I put 100% but the majority of that percentage is not "scrap" but good working,
tested and warranted equipment sold. PM scrap is just one revenue stream for me.
I just wish I could do some more refining again. I sure do miss seeing the "yoo-hoo"
cloud of gold precipitating out of auric chloride. 8)


----------



## FrugalRefiner (Feb 7, 2014)

goldsilverpro said:


> FrugalRefiner said:
> 
> 
> > I guess it doesn't count as income if I hoard everything I get my hands on.
> ...


Thank you for the kind words.

It's kind of hard to answer. I'm fortunate enough to be retired. My wife and I live on returns from our investments. My wife will start to receive SS in about 6 months, and I'll be eligible in a little under 3 years, so the percentages will change then.

When my interest in refining was rekindled a couple of years ago, I realized we didn't have nearly enough invested in precious metals. I buy to further diversify our investments. 

If I wanted a new career, it would be refining, and I would make 100% of my income from it, at least until SS kicks in. 

Dave


----------



## 5962rz (Feb 7, 2014)

0% Right now as I am hoarding everything pm related for a future cash in, like around mortgage renewal time or something usefull like that.
Been scraping for over 20 years and it is a huge part of my income. I treat scrap like a part time or second job and it lets me live a better life style then my paycheck alone would. Always looking to get the most value for my scrap by dealing with whoever will pay me the most and delivering it in large quantity to give me an edge to bargain with.
Got turned on to this forum while researching scrap computer components to learn how to get more $ for them. I have scraped thousands of computers and have a small mountain to begin refining when I am ready. Been building my cell for pins and AP system for fingers and gp boards, collecting chems and equipment and tools for free to cheap. A lot of time spent breaking down, dividing, sub-dividing and discovering new places to look for goodies that before just went with my regular loads to the scrap yards.
Love this place and the people here. I have spent more time studying reading and learning then I did In high school and 2.5 yrs of collage combined!
I can not say "THANKS" enough for the free and valuable education I am receiving. One day I hope to be able to give back to others who come here some of what I have been able to absorb.
Refining will begin this spring when the weather gets better, hope I can get some friendly advise if I run into any bumps in the road.
Thanks to everyone here!!! DR


----------



## kurtak (Feb 8, 2014)

I focus on PM scrap but also scrap non PM stuff - I also about 2 or 3 days a month sort stainless for a scrap yard (when they get a dumpster in from fab shops) so the PM scraping is about 75%

Kurt


----------



## g_axelsson (Feb 8, 2014)

I scrap at a hobby level. As a byproduct of my hunt for precious metals I also get a stream of base metal scrap. That part pays for chemicals, equipment and my new storage space/work shop and makes up 5-10% of my economy.

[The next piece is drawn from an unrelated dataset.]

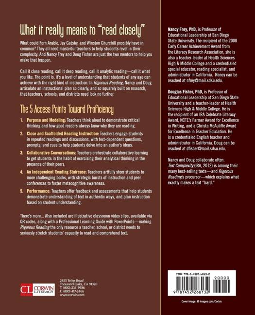 Call it close reading, call it deep reading, call it analytic reading--call it what you like. The point is, it's a level of understanding that students of any age can achieve with the right kind of instruction. In Rigorous Reading, Nancy Frey and Doug Fisher articulate an instructional plan so clearly, and so squarely built on research, that teachers, schools, and districts need look no further: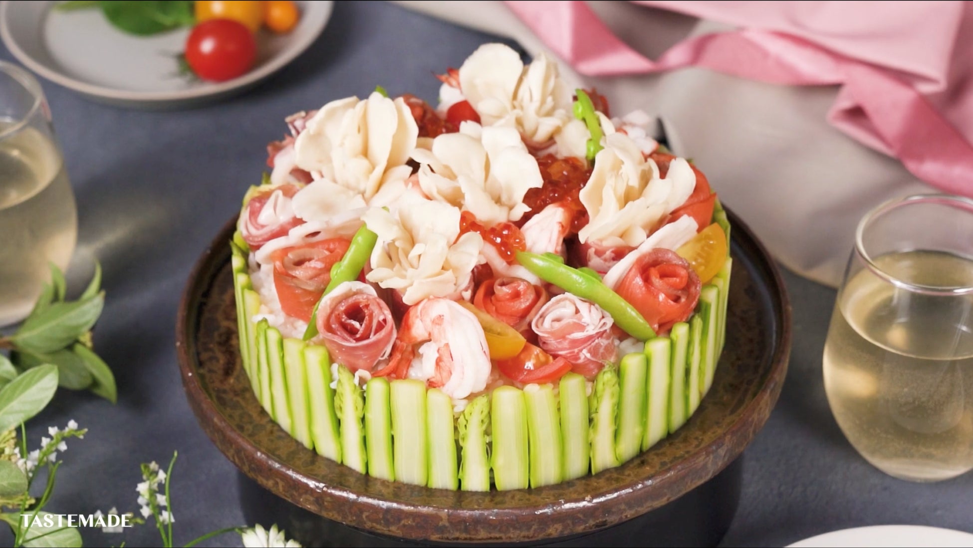 見た目が華やかな「雪国まいたけ極 白」はハレの日を彩るメニューにぴったりです。今回はその白まいたけをたっぷり使った「舞茸たっぷり!花咲く洋風寿司ケーキ」動画の配信を、Tastemade Japan株式会社運営のSNSアカウントにて開始しました。

But as I'm just hoarding any precious metals I extract I put down my percentage to zero. :mrgreen: 

A dream is to some day start a small refinery and earning a living... any profit above that I would hoard!

Göran


----------



## sharkhook (Feb 9, 2014)

I put 0%. Besides just getting in to the PM stages I do pretty fair on the scrap metal from most of my stuff, but that is used mainly for buying things for the recovery and/or refining stages. I do get a pretty good feeling when I drop off a load of the plastic parts at the city recycling center even though it is a donation, and helps to keep our dump usage down.


----------



## samuel-a (Feb 9, 2014)

I put 50%, though is somewhere between 40-50%.
I really hope some day it will be 100%, but at the moment it is juggling between a fulltime job and a part time refining business.
I do not hoard base metals/e-scrap or gold, however i do keep all of my refined PGM's and silver.


----------



## justme2 (Feb 21, 2014)

I get SS but give all that to the Wife and kids, so I'm not sure weather my vote should be 50% or 100%.


----------